→ DIRECTIONS
Using the entries that follow, transcribe only the lines from the line with "DStv Premiership Top Goal Scorers 9 January 2021 Posted" to the line with "J Crew Sweatshirt", both included, exactly as they stand and without pictures.

→ GIVEN INFORMATION
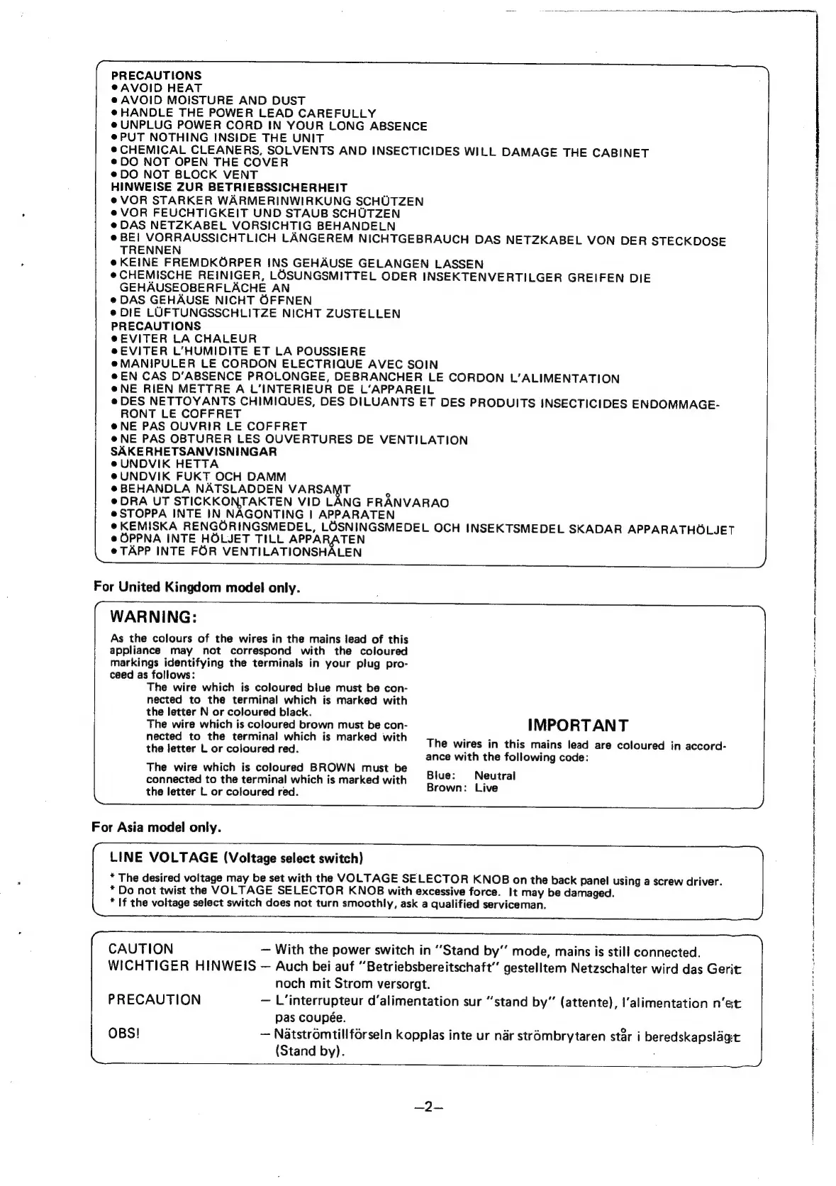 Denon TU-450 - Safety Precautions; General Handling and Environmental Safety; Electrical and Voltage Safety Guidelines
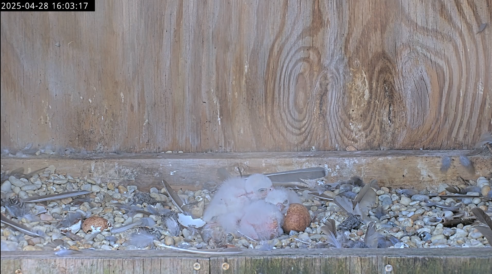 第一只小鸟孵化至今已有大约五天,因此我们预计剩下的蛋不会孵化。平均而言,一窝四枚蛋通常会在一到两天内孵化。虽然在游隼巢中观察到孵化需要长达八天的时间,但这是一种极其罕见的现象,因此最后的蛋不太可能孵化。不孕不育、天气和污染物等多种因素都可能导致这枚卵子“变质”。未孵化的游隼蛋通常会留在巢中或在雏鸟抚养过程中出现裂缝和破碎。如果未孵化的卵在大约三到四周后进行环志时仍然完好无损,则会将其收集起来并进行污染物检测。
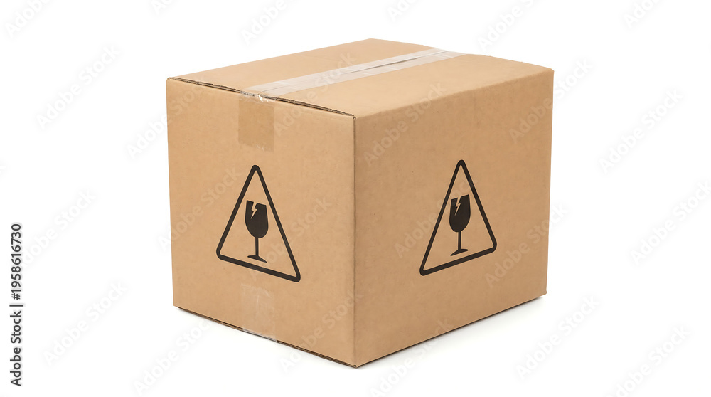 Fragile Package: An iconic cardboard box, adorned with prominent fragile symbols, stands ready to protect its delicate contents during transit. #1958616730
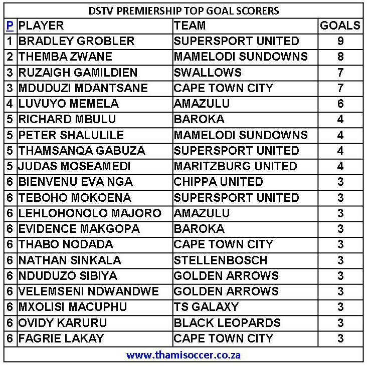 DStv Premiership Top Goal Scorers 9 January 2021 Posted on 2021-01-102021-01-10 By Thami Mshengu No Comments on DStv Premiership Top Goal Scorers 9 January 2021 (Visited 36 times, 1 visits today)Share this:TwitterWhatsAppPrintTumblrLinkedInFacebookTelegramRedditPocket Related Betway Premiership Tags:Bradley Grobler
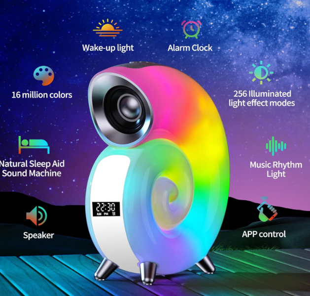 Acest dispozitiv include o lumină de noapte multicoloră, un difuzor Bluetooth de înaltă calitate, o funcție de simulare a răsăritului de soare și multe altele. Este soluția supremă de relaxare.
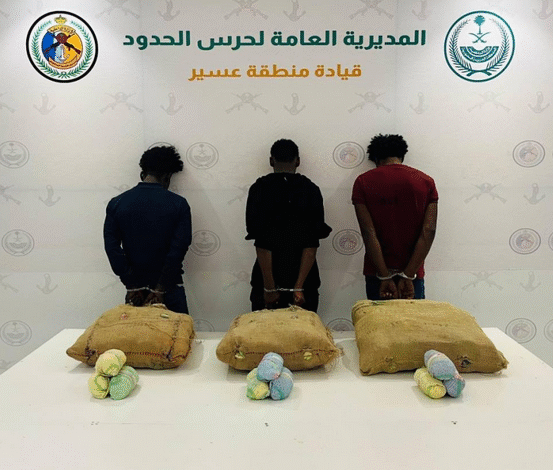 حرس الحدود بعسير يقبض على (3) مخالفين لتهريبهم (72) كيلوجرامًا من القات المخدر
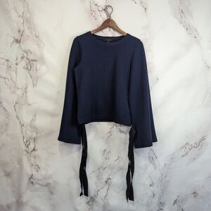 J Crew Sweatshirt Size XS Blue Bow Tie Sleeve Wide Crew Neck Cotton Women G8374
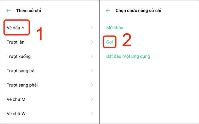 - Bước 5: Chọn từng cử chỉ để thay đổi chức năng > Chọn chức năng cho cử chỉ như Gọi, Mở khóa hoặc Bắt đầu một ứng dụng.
...
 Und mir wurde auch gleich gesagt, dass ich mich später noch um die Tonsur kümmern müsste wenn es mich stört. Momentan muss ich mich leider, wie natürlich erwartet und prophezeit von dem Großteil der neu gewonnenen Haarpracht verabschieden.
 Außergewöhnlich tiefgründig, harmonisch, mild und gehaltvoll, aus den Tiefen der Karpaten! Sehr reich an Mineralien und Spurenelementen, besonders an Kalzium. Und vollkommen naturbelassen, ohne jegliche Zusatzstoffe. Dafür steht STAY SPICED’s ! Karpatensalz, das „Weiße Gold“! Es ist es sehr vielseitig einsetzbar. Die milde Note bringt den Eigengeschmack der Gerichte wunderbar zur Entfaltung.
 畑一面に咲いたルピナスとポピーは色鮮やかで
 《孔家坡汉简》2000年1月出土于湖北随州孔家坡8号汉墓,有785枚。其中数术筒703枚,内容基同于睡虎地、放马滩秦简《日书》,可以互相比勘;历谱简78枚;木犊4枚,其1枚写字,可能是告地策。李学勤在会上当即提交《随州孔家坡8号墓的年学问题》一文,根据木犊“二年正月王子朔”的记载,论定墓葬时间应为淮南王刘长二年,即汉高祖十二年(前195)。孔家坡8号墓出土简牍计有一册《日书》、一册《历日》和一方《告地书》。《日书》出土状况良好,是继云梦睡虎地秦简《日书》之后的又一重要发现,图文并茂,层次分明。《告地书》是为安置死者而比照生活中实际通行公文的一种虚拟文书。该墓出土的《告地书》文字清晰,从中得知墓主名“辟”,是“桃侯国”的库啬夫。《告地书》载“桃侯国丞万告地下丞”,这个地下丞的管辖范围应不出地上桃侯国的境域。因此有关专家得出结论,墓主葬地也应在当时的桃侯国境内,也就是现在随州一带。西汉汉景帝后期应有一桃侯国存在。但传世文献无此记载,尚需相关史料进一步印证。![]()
--
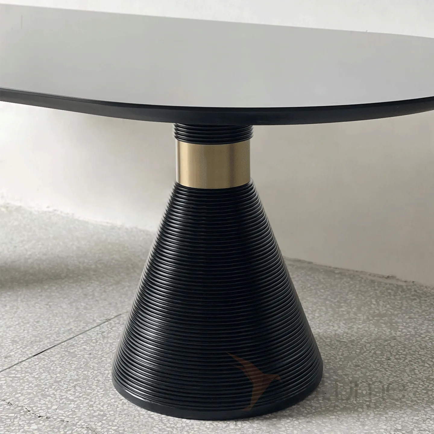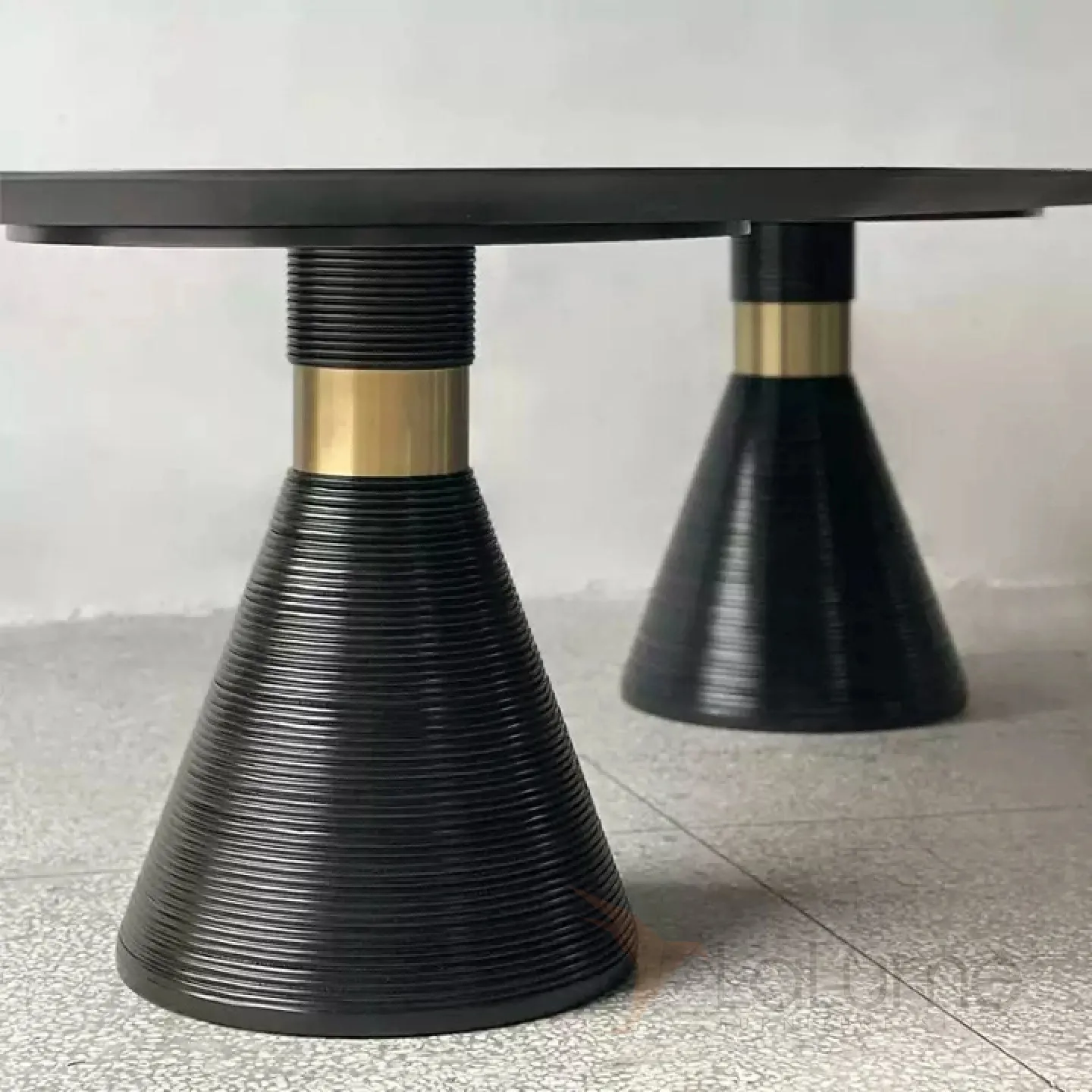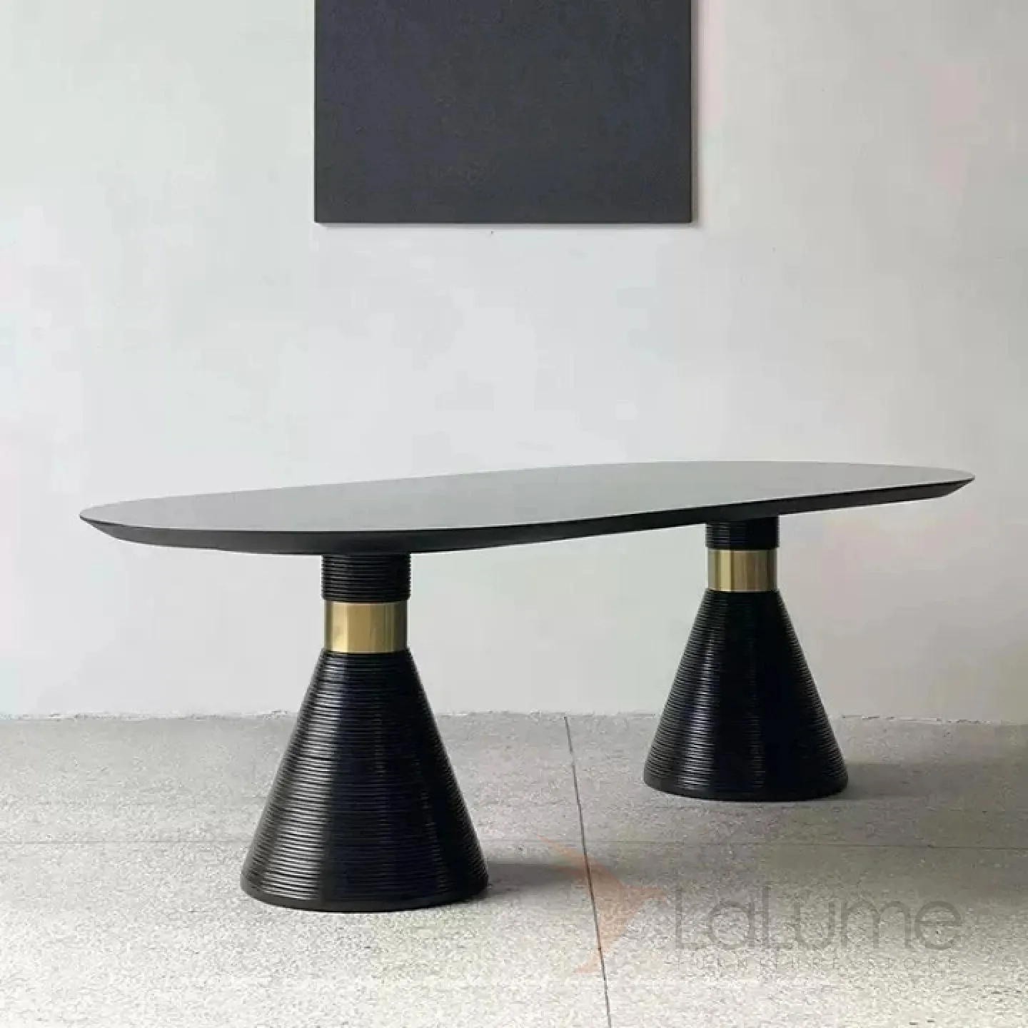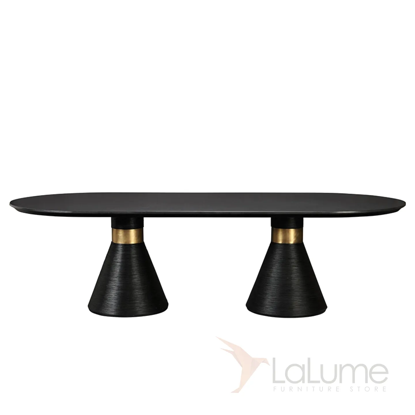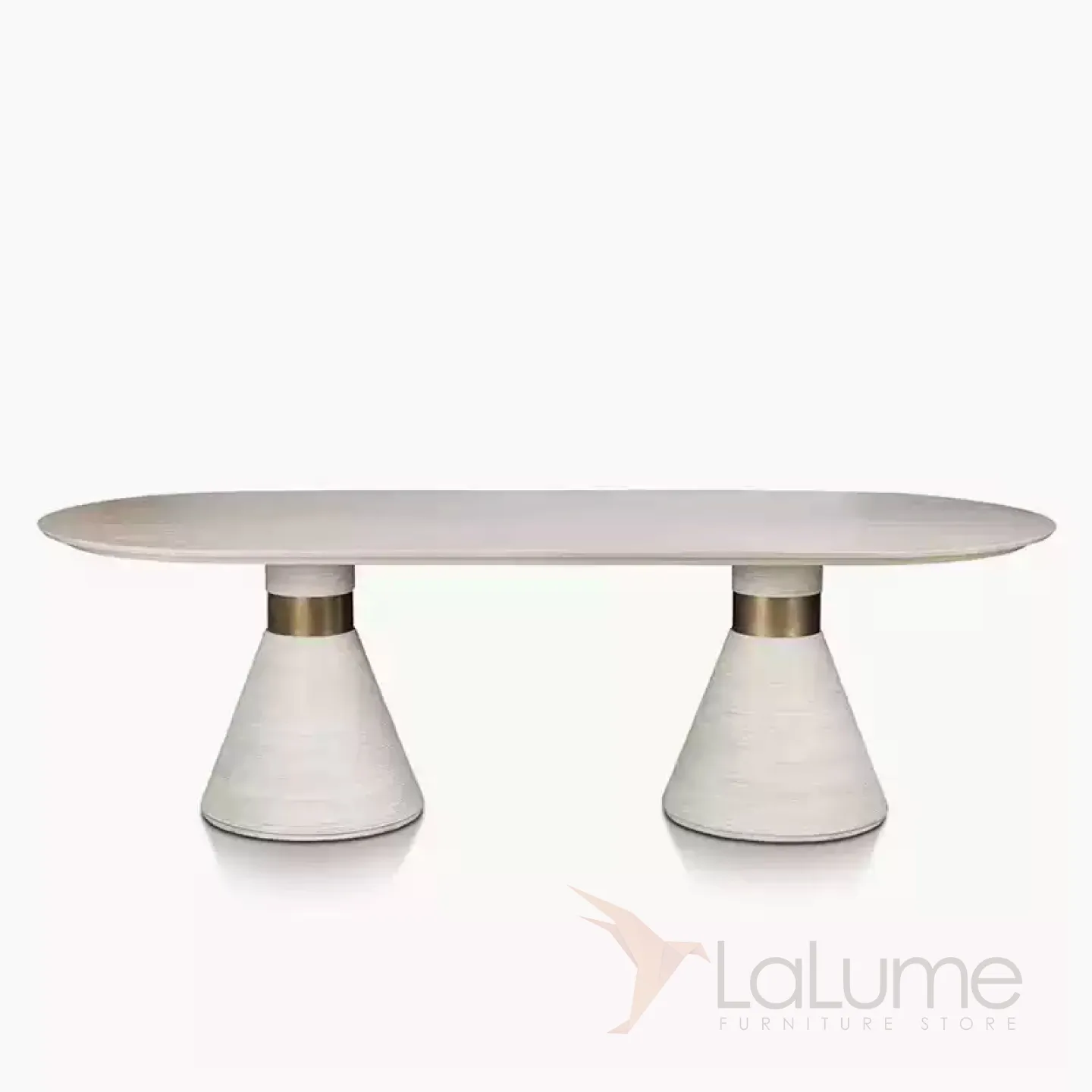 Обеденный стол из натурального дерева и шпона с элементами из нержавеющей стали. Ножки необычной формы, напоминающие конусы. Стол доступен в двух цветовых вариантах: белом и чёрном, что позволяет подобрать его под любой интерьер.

→ ANSWER BELOW
 DStv Premiership Top Goal Scorers 9 January 2021 Posted on 2021-01-102021-01-10 By Thami Mshengu No Comments on DStv Premiership Top Goal Scorers 9 January 2021 (Visited 36 times, 1 visits today)Share this:TwitterWhatsAppPrintTumblrLinkedInFacebookTelegramRedditPocket Related Betway Premiership Tags:Bradley Grobler
 Acest dispozitiv include o lumină de noapte multicoloră, un difuzor Bluetooth de înaltă calitate, o funcție de simulare a răsăritului de soare și multe altele. Este soluția supremă de relaxare.
 حرس الحدود بعسير يقبض على (3) مخالفين لتهريبهم (72) كيلوجرامًا من القات المخدر
 J Crew Sweatshirt Size XS Blue Bow Tie Sleeve Wide Crew Neck Cotton Women G8374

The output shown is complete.